Für Kamto könnte die Kandidatur schwierig werden. Der Oppositionspolitiker hatte bei den letzten Präsidentschaftswahlen 2018 mit 14,2 Prozent den zweiten Platz belegt. Nach kamerunischem Wahlrecht darf eine Partei allerdings nur dann einen Präsidentschaftskandidaten aufstellen, wenn sie im Parlament oder in einem Gemeinderat vertreten ist.

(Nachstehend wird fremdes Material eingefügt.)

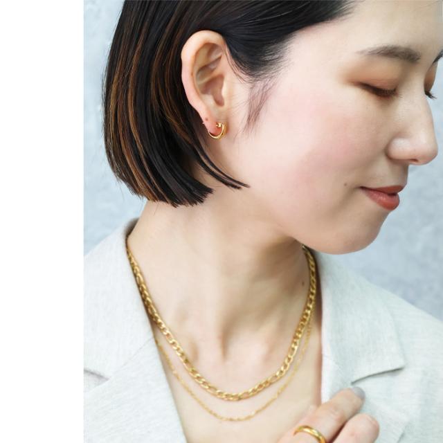 コロンとした丸みとぷっくりとした曲線美が美しい三日月型のピアスです。 耳を包み込むようにフィットし、正面から見ると優しくふんわりと雫の様に煌き、表情をぱっと華やかにしてくれます。 普段使いもオケージョン使用もできる、飽きのこないデザインです◎ |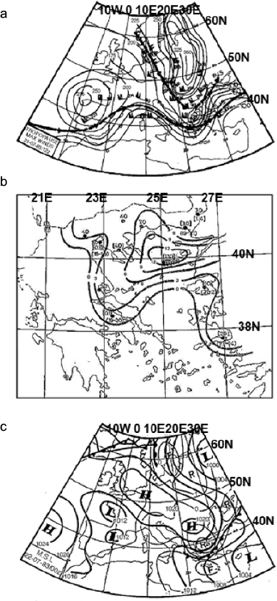 Metaxas (1970), in agreement with Constantakopoulos (1959), discriminates between two types of onset of Etesian wind outbreaks without diurnal variation of the wind intensity on the first days: type w when the anticyclone reaches the Balkans from the west and type n when the anticyclone reaches the Balkans from the north. However, the 10 years of (b) data for July and August 1991-2000 used to apply the well-known subjective method to surface and 500 hPa synoptic charts, verify the existence of two more types of outbreaks onset with very low frequency of occurrence: type s and type c. The first one is associated with the establishment of a subtropical anticyclone in the central Mediterranean, extended eastwards and northeastwards, as mentioned above, rising the barometric pressure over the Balkans. In this case, the weather that occurs in Greek territory is different than during the onset of the other types, as the 2 m temperatures are much higher, there is no rain even in northern Greece and the strong Etesians are restricted around Naxos and southwards (Fig. 1). Type c could be considered as a specific gradual transformation of types w or n. As both study cases analyzed showed, when the SJS is located over the Greek mainland at about 200 hPa and travels through the north Aegean Sea and North Turkey to Iran and at the same time the PJS or a polar jet streak, associated with the Rossby wave train and the surface front, approaches Greece (see Figs. 3 and 7), an interaction occurs between the two jets.

Die dafür entscheidenden Parlaments- und Kommunalwahlen, die eigentlich dieses Jahr hätten stattfinden sollen, wurden aber kurzfristig auf 2026 verschoben – der Kalender sei mit den Präsidentschaftswahlen bereits zu voll und mehrere Wahlen in einem Jahr seien zu teuer, lautete die Begründung.
Für Kamto hat das direkte Folgen: Er hatte mit seiner Partei die letzten Parlaments- und Kommunalwahlen 2020 boykottiert, so wie viele andere Oppositionsparteien auch. Die Parlamentswahlverschiebung könnte nun ihm und allen Kandidaten, deren Parteien die Wahlen 2020 boykottierten, zum Verhängnis werden. Ein Zufall, der Biyas Handschrift trägt.